Below are several records. Retype exactly those lines running from the one with "葉は披針形で対生し、葉脈がくぼむ。茎には刺し毛がある。(2015/7/2)" through the one with "Erinnern Sie sich", end lines included, and no others.

START DATA FOR THIS TASK

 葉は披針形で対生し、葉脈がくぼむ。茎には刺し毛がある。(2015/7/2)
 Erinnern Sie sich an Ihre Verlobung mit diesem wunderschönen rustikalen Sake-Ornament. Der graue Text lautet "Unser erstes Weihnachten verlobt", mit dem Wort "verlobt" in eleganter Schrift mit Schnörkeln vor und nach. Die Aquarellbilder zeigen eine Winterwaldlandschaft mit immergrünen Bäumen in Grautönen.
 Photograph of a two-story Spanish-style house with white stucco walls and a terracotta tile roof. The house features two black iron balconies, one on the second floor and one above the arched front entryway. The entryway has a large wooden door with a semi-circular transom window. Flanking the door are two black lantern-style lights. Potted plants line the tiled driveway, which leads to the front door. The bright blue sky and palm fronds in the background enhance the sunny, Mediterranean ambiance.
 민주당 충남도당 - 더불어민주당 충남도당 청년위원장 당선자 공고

END DATA FOR THIS TASK
START DATA FOR THIS TASK

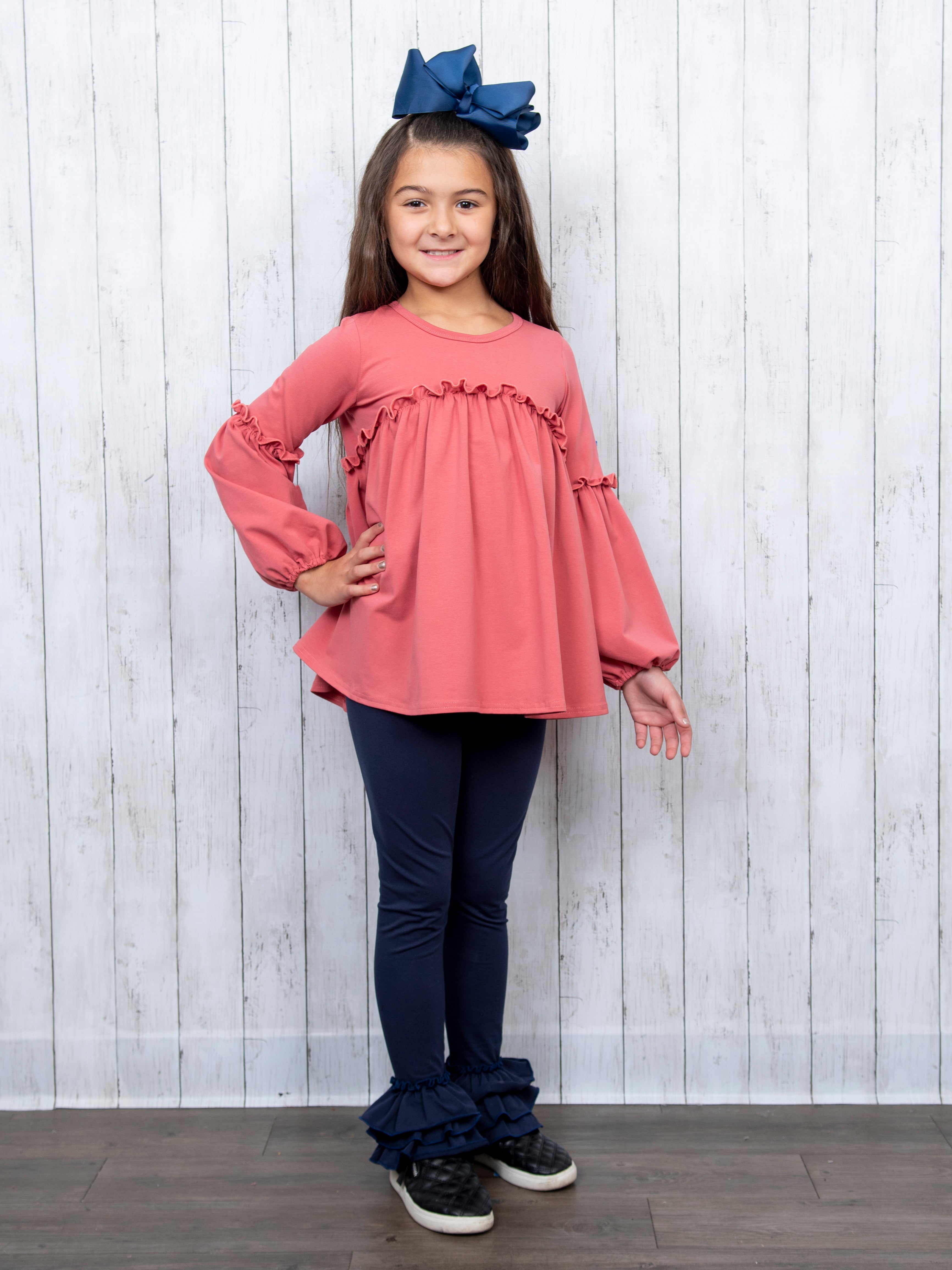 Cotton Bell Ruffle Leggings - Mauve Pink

END DATA FOR THIS TASK
START DATA FOR THIS TASK

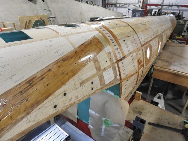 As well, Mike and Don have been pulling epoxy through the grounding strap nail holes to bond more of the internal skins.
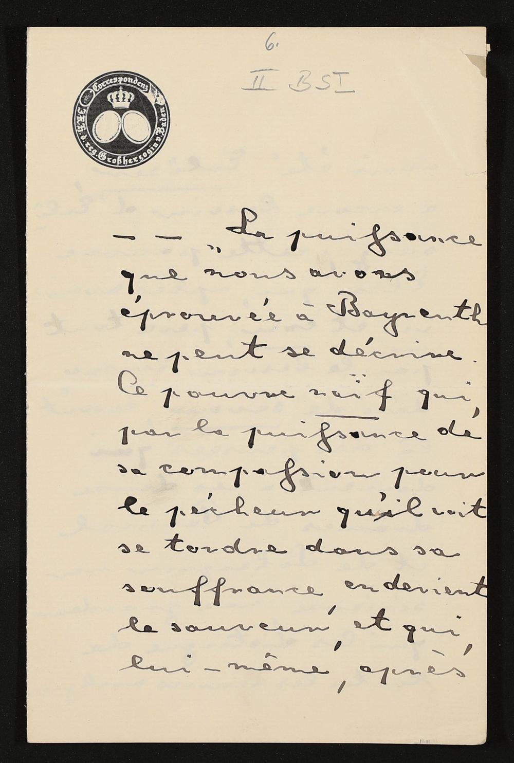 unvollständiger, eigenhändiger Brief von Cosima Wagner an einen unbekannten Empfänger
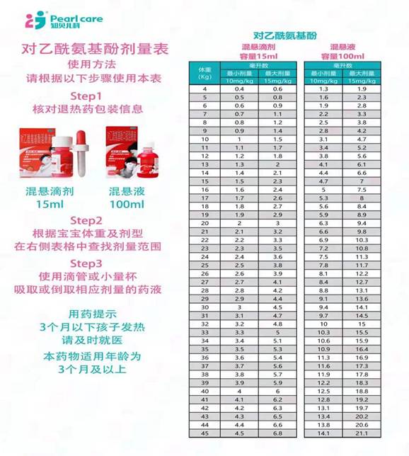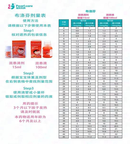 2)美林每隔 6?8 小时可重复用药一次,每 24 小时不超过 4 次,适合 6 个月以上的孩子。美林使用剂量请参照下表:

END DATA FOR THIS TASK

§ EXERCISE ANSWER:
 葉は披針形で対生し、葉脈がくぼむ。茎には刺し毛がある。(2015/7/2)
 Erinnern Sie sich an Ihre Verlobung mit diesem wunderschönen rustikalen Sake-Ornament. Der graue Text lautet "Unser erstes Weihnachten verlobt", mit dem Wort "verlobt" in eleganter Schrift mit Schnörkeln vor und nach. Die Aquarellbilder zeigen eine Winterwaldlandschaft mit immergrünen Bäumen in Grautönen.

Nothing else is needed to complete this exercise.